Many states have multiple, competing abortion bans on the books, leading to confusion over which of the laws is actually controlling.
According to the Guttmacher Institute, only four states have constitutions that explicitly do not protect abortion rights. A majority of the first wave of lawsuits seeking to block bans are based on state constitutional protections that lawyers argue are more expansive than those provided in the U.S. Constitution. Lawsuits pending in Idaho, Ohio, and Utah, for example, cite broad privacy rights and liberty interests, arguing that abortion bans discriminate against women and violate equal protection guarantees. A suit in Oklahoma contends that the state’s competing abortion bans violate due process as well as a constitutional “right to personal autonomy and bodily integrity.” The Kentucky lawsuit argues that the state’s two abortion bans (a trigger ban and a six-week ban) violate state constitutional rights of privacy and self-determination.

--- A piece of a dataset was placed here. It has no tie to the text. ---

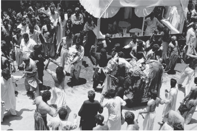
شكل ٦-١: التعزية (كراتشي، باكستان). يمثل الحصان جواد الحسين. 1

العمليات الاستشهادية أو «المهام الانتحارية» محرّمة نظريًا في الإسلام السني. معروف أن من يموتون أثناء الجهاد شهداء، لكن تؤكد المصادر القديمة حرمة شروع المرء في القتال عازمًا على الموت أثناءه (ويُستشهد في هذا الصدد بالآية رقم ٢٩ من سورة النساء).
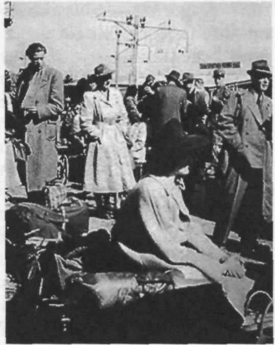
Anreisende Flüchtlinge nach Kriegsende.

A suit in Mississippi, meanwhile, filed on behalf of the Jackson Women’s Health Organization, argues that the state’s Supreme Court already concluded in 1998 that the constitution explicitly protected abortion. “As confirmed by the Mississippi Supreme Court … the decision about whether and when to have children belongs to individuals and families, not to the state’s politicians,” said Rob McDuff, a lawyer with the Mississippi Center for Justice, which is among the groups representing the state’s lone abortion provider.
And in Florida, a suit challenging a new 15-week ban notes that in 1980, voters amended the state constitution to provide robust individual privacy rights, which were designed to include the right to abortion; in 2012, voters rejected an attempt to repeal that right. Protecting the right to abortion in Florida is considered crucial to maintaining access in the South.

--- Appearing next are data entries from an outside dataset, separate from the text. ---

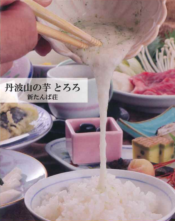
丹波山の芋とろろ 新たんば荘
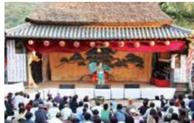
中山農村歌舞伎 (小豆島町中山) 10月中旬
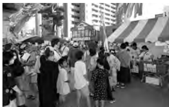
かき氷は大にぎわいでした
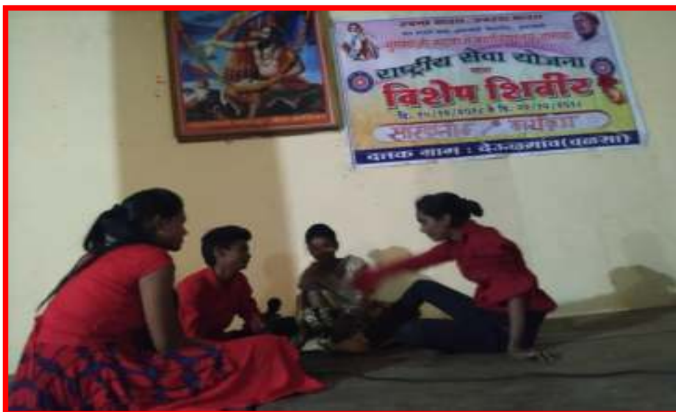
Cultural Programme at Special Camp
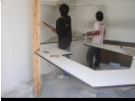
2007 西武庫地地リフォーム
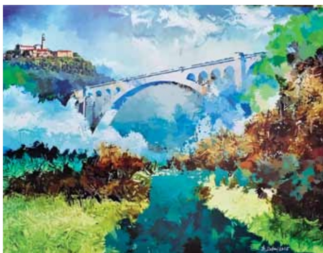
BOGDAN SOBAN Most, 2015 računalniška grafika
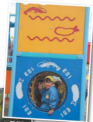
秋穂らしいEBIのデザイン
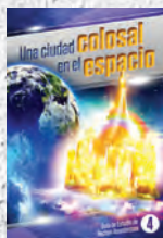
Guía de Estudio 4: Una ciudad colosal en el espacio

On Thursday, a state district judge said he would block the law from taking effect. “Florida passed into its constitution an explicit right of privacy that is not contained in the U.S. Constitution,” state judge John Cooper said. “The Florida Supreme Court has determined, in its words, ‘Florida’s privacy provision is clearly implicated in a woman’s decision on whether or not to continue her pregnancy.’” The state is expected to appeal, which could imperil the injunction, said Alexa Kolbi-Molinas, deputy director for reproductive freedom at the American Civil Liberties Union. “But we intend to continue to fight for that injunction to remain in effect at every level of the court system in Florida.”

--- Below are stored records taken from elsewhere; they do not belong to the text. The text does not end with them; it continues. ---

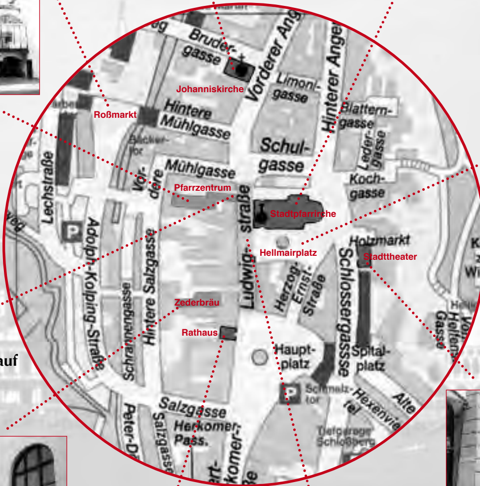
Hellmairplatz Piazza San Marco
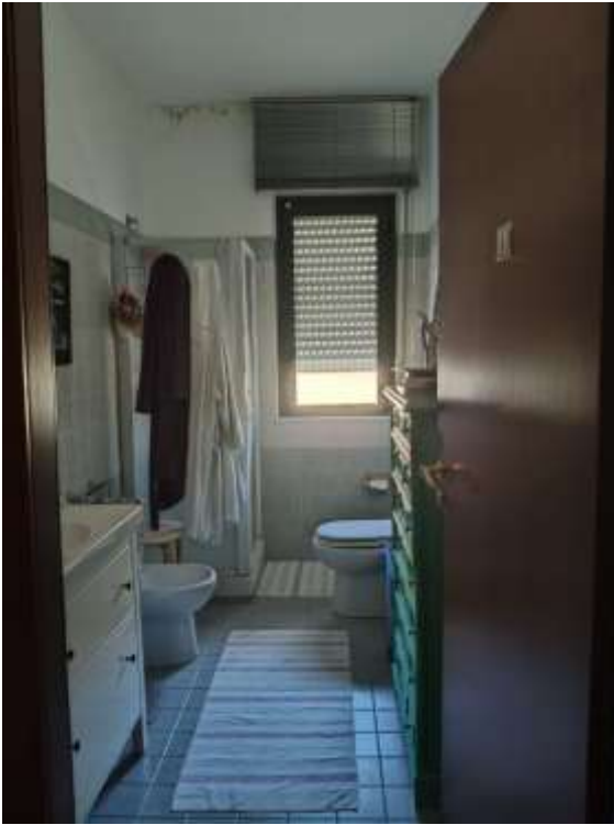
Foto n. 20 Bagno secondario
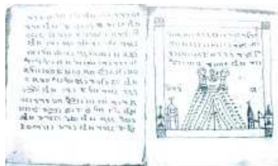
Manuscris nr. 13, Cartea I, Cap. VII pag. 25-26 și 26-28 (48-51)
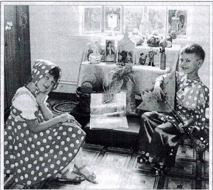
Мини-музей «У Лукоморья»

в мини-музее «Казачье подворье» экспонатами стали предметы кубанского быта. Расположили мини-музей под открытым небом. На одной из стен павильона нарисовали речку и камыш, под деревом (как и положено на Кубани) поставили печку, расписанную Петриковской росписью,

During a joint press call with the ACLU and Planned Parenthood Federation of America, Nancy Northup, president and CEO of the Center for Reproductive Rights, which argued the Dobbs case, called the Supreme Court’s ruling a “crushing blow” that “upended the idea that a constitutional right is one that can be relied on.” But she noted that the three groups were longtime partners in the fight for reproductive freedom and would continue to press for equal rights. “We were, and are, ready,” she said. And the lawsuits that have been filed so far are just the beginning. “You can expect more cases to be coming,” she promised. “Every additional day and every additional hour that we can block a ban is making a huge difference for the patients in the waiting rooms.”